◆ Instructions to follow ◆
The answer is to be the lines below that lie between the line holding "Das Best Western" and the line holding "あずきご飯、いり鶏煮、けんちん汁、牛乳 です!", inclusive, transcribed exactly and free of pictures.

===== Material provided

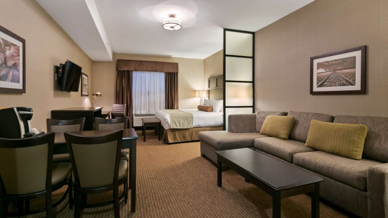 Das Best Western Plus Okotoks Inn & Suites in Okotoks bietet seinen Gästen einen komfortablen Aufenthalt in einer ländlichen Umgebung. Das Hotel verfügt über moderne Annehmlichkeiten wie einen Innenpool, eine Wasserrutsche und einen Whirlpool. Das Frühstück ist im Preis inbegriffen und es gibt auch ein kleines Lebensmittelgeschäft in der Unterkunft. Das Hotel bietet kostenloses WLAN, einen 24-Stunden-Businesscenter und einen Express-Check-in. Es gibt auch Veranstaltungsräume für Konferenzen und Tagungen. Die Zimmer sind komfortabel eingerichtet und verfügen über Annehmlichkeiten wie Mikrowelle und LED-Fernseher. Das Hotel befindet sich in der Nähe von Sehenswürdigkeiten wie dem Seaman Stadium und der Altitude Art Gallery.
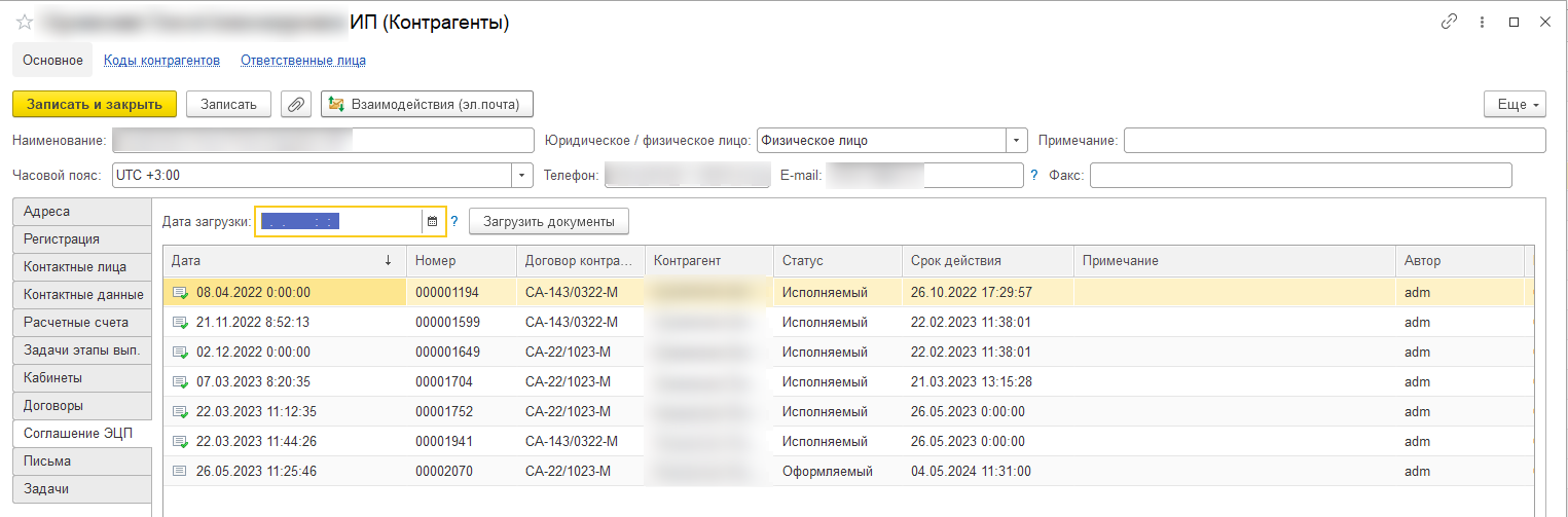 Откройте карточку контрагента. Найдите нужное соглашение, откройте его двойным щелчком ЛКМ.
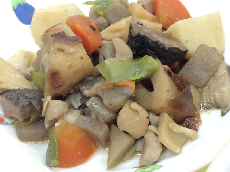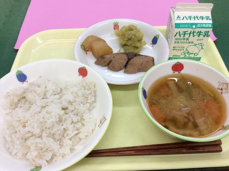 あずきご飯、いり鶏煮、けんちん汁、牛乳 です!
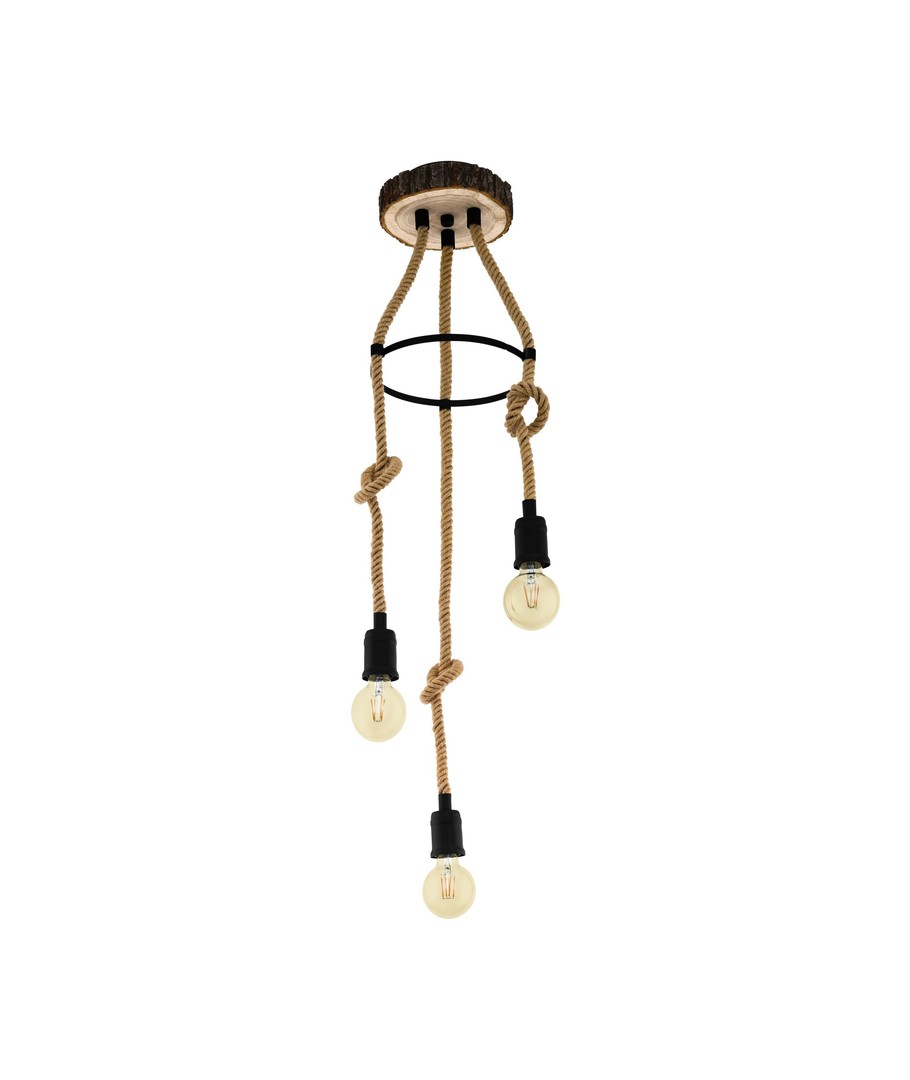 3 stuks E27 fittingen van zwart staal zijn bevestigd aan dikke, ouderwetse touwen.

==========
===== Material provided

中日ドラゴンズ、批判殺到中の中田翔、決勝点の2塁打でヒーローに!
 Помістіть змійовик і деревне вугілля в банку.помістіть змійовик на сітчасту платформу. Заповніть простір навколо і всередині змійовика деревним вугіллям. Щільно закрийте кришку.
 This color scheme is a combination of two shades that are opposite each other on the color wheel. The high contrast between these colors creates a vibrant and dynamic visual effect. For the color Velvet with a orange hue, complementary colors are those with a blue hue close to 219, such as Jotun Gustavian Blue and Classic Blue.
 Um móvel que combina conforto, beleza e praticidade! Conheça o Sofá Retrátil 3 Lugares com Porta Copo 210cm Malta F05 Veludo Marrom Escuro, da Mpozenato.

==========

◆ Your response ◆
 Das Best Western Plus Okotoks Inn & Suites in Okotoks bietet seinen Gästen einen komfortablen Aufenthalt in einer ländlichen Umgebung. Das Hotel verfügt über moderne Annehmlichkeiten wie einen Innenpool, eine Wasserrutsche und einen Whirlpool. Das Frühstück ist im Preis inbegriffen und es gibt auch ein kleines Lebensmittelgeschäft in der Unterkunft. Das Hotel bietet kostenloses WLAN, einen 24-Stunden-Businesscenter und einen Express-Check-in. Es gibt auch Veranstaltungsräume für Konferenzen und Tagungen. Die Zimmer sind komfortabel eingerichtet und verfügen über Annehmlichkeiten wie Mikrowelle und LED-Fernseher. Das Hotel befindet sich in der Nähe von Sehenswürdigkeiten wie dem Seaman Stadium und der Altitude Art Gallery.
 Откройте карточку контрагента. Найдите нужное соглашение, откройте его двойным щелчком ЛКМ.
 あずきご飯、いり鶏煮、けんちん汁、牛乳 です!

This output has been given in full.